Egli and colleagues wanted to know whether the newly available cells really held advantages over iPS cells. So far, most studies comparing the two methods have had a common shortcoming, Egli says: They start with cells derived from different donors. Possible genetic differences between individuals make it hard to tell how the reprogramming techniques themselves altered the nuclear DNA.

Egli and colleagues instead used skin cells from two people—a newborn and an adult—to create both SCNT-derived stem cells (using donor eggs) and iPS cells. Then they compared the two types of cell lines with the original skin cells in terms of genetic mutations, changes in gene expression, and differences in DNA methylation. Both methods resulted in about 10 mutations compared with the average genome of the mature source cells. These changes didn’t necessarily happen during reprogramming, however, Egli says. Many were likely present in the original skin cells, and some could have arisen during the handling of cells before they were reprogrammed.

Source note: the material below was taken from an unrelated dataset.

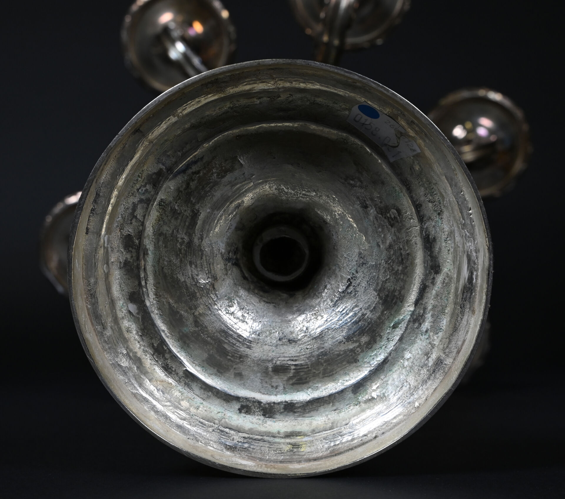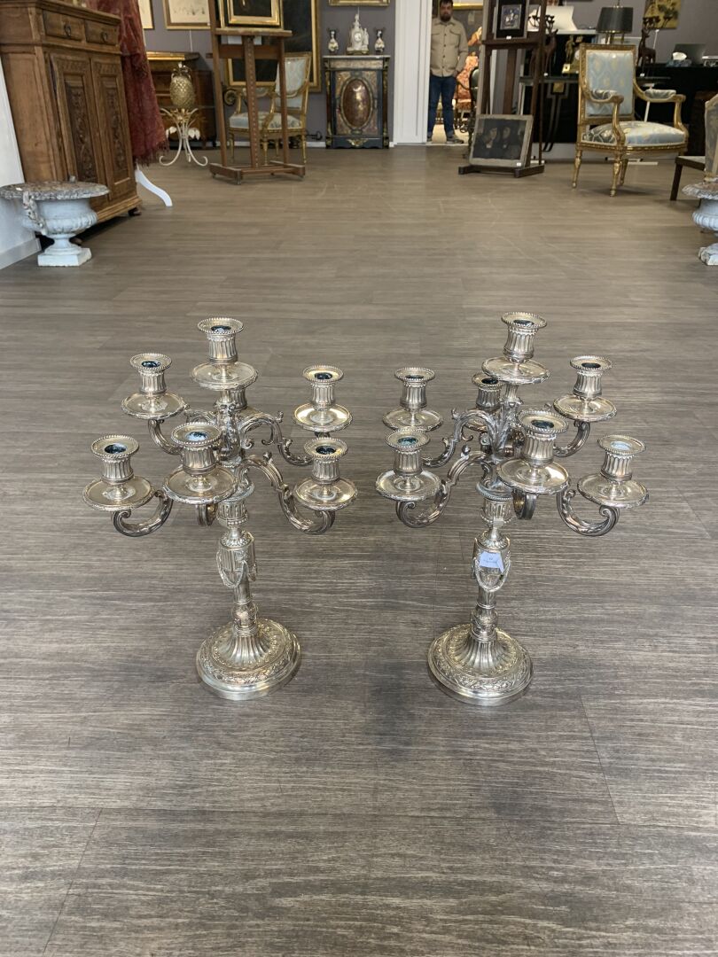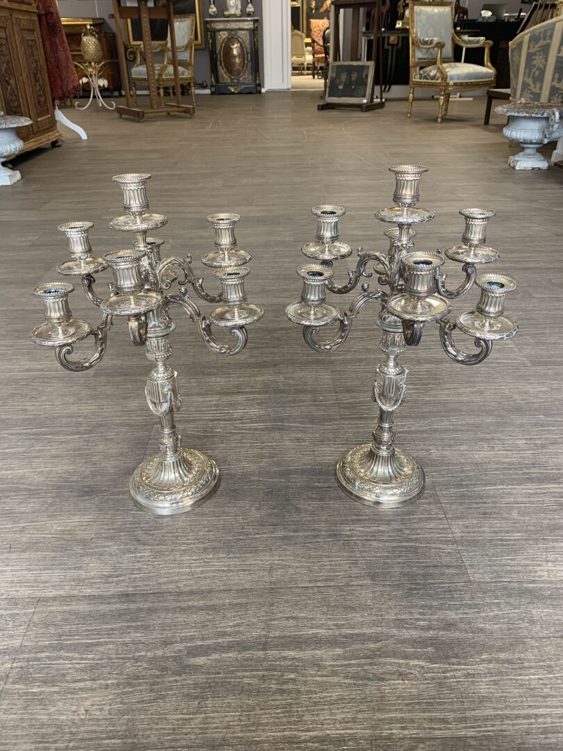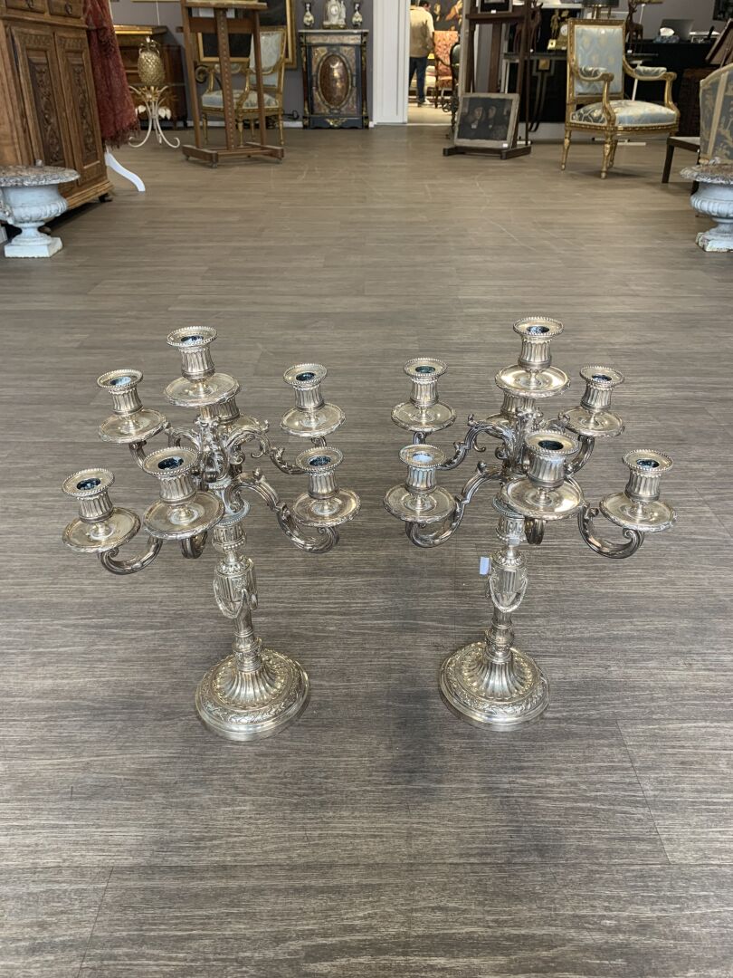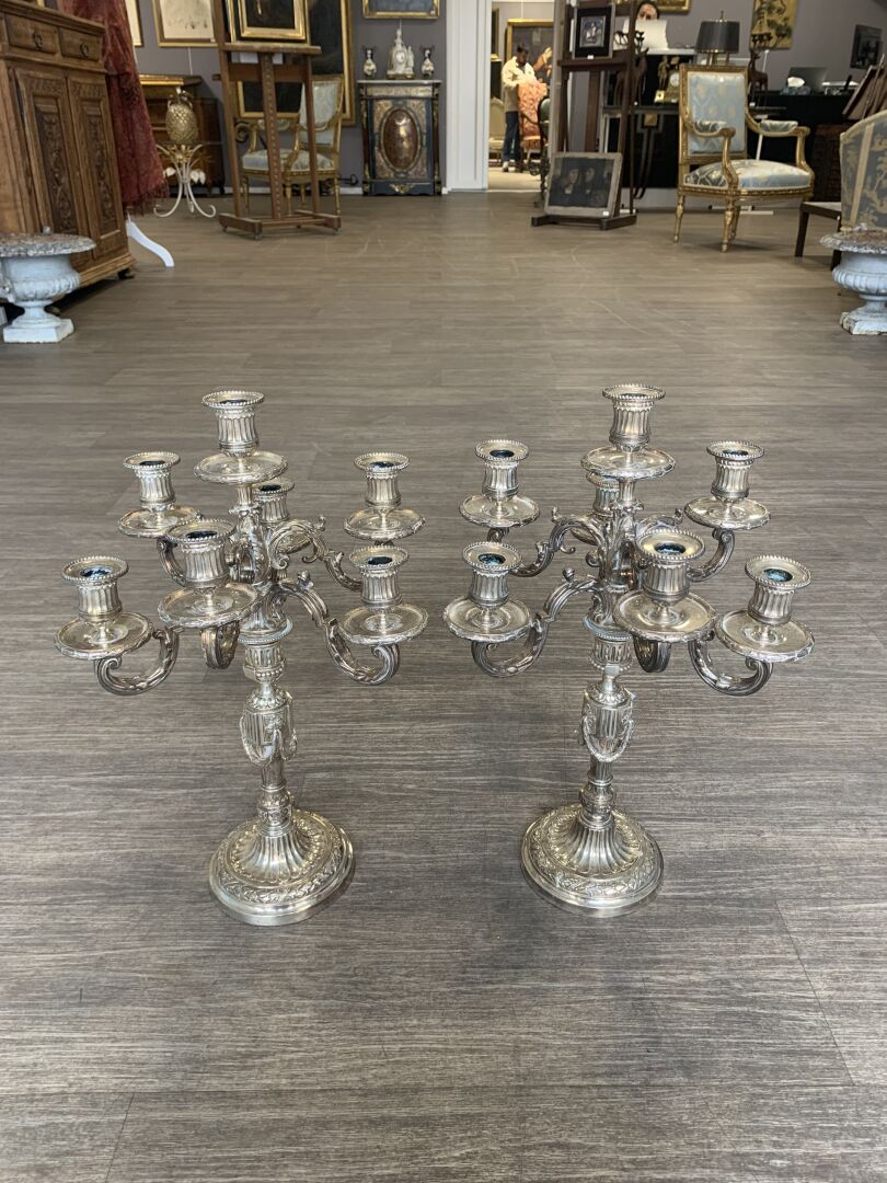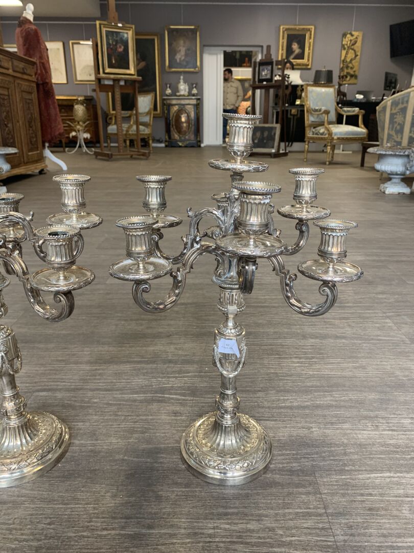Paire de chandeliers en bronze argenté à 6 bras en console et 7 lumières (les parties supérieures des fûts supportant le feu central légèrement tordues, petite craquelure). Les fût cannelés, les bases circulaires à couronne de laurier. Style Louis XVI. Haut. : 50,5 cm.

Both types of stem cells also carried a similar amount of methylation changes. Overall, the method didn’t seem to matter, Egli and his team concluded. Because he is a longtime proponent of SCNT, Egli says it would have been “more attractive” to reveal significant differences between the two kinds of stem cells. “This is simply not what we found.”  

The study doesn’t say anything about whether the changes documented in both cell types make them less fit for use in research or therapy, Batada notes, or even if the mutations observed affect the genes’ activity. “Whether these aberrations have any function isn’t clear,” he says, but in terms of the two stem cell creation methods, “they’re equally good, or equally bad.”

Mitalipov, who also contributed to the Cell Stem Cell paper, maintains that nuclear transfer creates more stable cells that more closely resemble embryonic cells. He published research this summer reporting that the methylation patterns in nuclear transfer cells more closely mimic natural embryonic stem cells, and has work in progress to identify other advantages.

Juan Carlos Izpisua Belmonte, a developmental biologist at the Salk Institute for Biological Studies in San Diego, California, finds the lack of differences between the two stem cell types surprising. But this study is “probably not enough to settle this issue,” he says. “There are and will always be concerns related to the safety [of stem cells] regardless of the methodology,” he adds, and there’s “no reason so far to discredit one in favor of the other one.”

Both Egli and Mitalipov plan to continue their work on nuclear transfer and defend its value. Egli points out that the research led to other important discoveries, including technology that  may allow a woman to avoid passing on mitochondrial diseases to her children using an egg donor. And he suggests that therapies based on donor eggs may have an easier path to regulatory approval. Until either type of stem cells results in an approved therapy, Egli says, “I think it would be a big mistake to put all eggs into just one basket.”